Even at this distance he recognized those darker blotches upon the tremendous walls as the sign of a coming dissolution. It was a city more awfully impressive than any he had ever dreamed of, standing gigantic under the low, gray sky of this swamplike world—but its glory was past. Here and there gaps in the colossal walls spoke of fallen blocks and ruined buildings. By the thick, primordial air and the swamp smell and the unrecognizable architecture he knew that he gazed upon a scene of immortal antiquity, and his breath came quicker as he stared, wondering where the people were whose
Cyclopean city this was, what name they bore and if history had ever recorded it.
A medley of curious sounds coming nearer awoke him from the awed trance into which he had sunk. Feet shuffling over pavement, the clang of metal shivering against metal, hoarse breathing, and a strange, intermittent hissing he could not account for. It came from that part of the great square which the crumbling wall beside him hid.

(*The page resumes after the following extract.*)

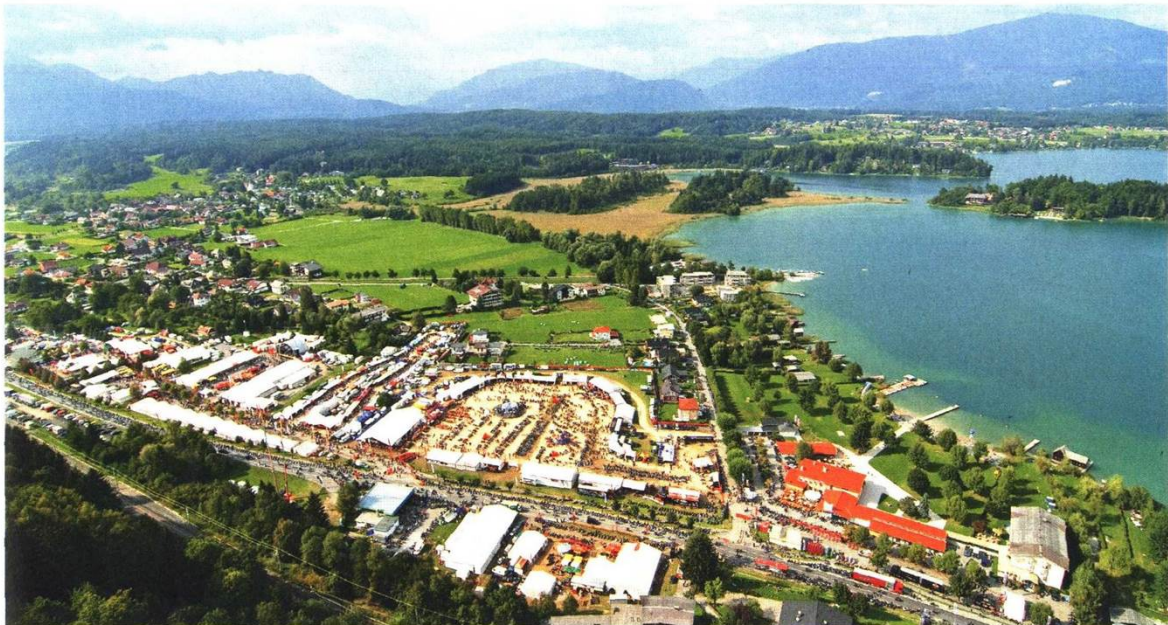
HARLEY VILLAGE AM FAAKER SEE: Der Hotspot der European Bike Week.

That queer hissing sounded loud. Some one yelled in a growling guttural, and he heard the beat of running feet, staggering and uncertain, coming nearer. Then a figure that was a dazzle of white and scarlet flashed through the aperture in the crumbling wall where a door must once have been. It was a girl. Her choked breath beat loud in the narrow place, and the scarlet that stained and streaked her was bright blood that gushed in ominous spurts from a deep gash in her side. She was incredibly white in the sunless day of this primordial city. Afterward he could never remember much more than that—her dazzling whiteness and the blood pumping in measured spurts from severed arteries—and the smoke blueness of her eyes.